American computer scientist

Jessica Hammer is an associate professor in the Human-Computer Interaction Institute at Carnegie Mellon University, where she is the director of the Center for Transformational Play, and a game designer.

==Early life and education==
Hammer, who was a finalist in the Regeneron Science Talent Search, attended the Maimonides School, in Brookline, Massachusetts.

She is the daughter of Michael Martin Hammer.

She earned her B.A. in computer science at Harvard University, her MS from the NYU Interactive Telecommunications Program and her Ph.D. in cognitive science at Columbia University, where she developed the game design course sequence and was a founding member of the Teachers College EGGPLANT game research laboratory.

==Career==
Hammer's research focuses on the psychology of games, focusing on the way specific game design decisions affect how players think and feel.

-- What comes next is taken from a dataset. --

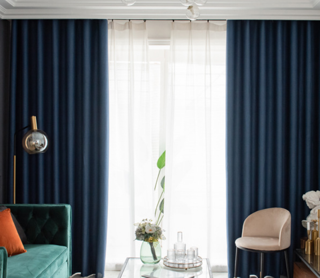 Rideau occultant bleu nuit lin double face premium salon

While a graduate student at Columbia, Hammer helped create Lit, a mobile game designed to help individuals quit smoking. Hammer has worked on video games for the National Institute of Health and for Nokia.

She also spent time in Ethiopia, working with local partners to create game clubs that help girls acquire the social capital and the skills they need to solve their problems for themselves.
In 2014 she was selected as a World Economic Forum Young Scientist.

In his 1998 book, Why We Don 't Talk to Each Other Anymore: The De-Voicing of Society, biolinguist John L. Locke discusses the research produced by Hammer as a young researcher working with Simon Baron-Cohen. According to Locke, Baron-Cohen and Hammer found that the parents of individuals with Asperger's syndrome did less well than the general population on tasks involving the interpretation of emotional status of others by looking at the expression of their eyes, and better than the general population at identifying shapes embedded within complex designs.

Since 2014, Hammer's recent projects include exploring live action role-playing games as a potential avenue for improving mental or physical health, and conducting research on how games may reduce opioid abuse after work-related injuries.

Currently, Hammer works as an associate professor at Carnegie Mellon University, jointly appointed between the HCI Institute and the Entertainment Technology Center. She teaches courses related to Game Design and Learning Media, and directs the Center for Transformational Play.

Hammer co-designed the 2022 tabletop role-playing game Rosenstrasse.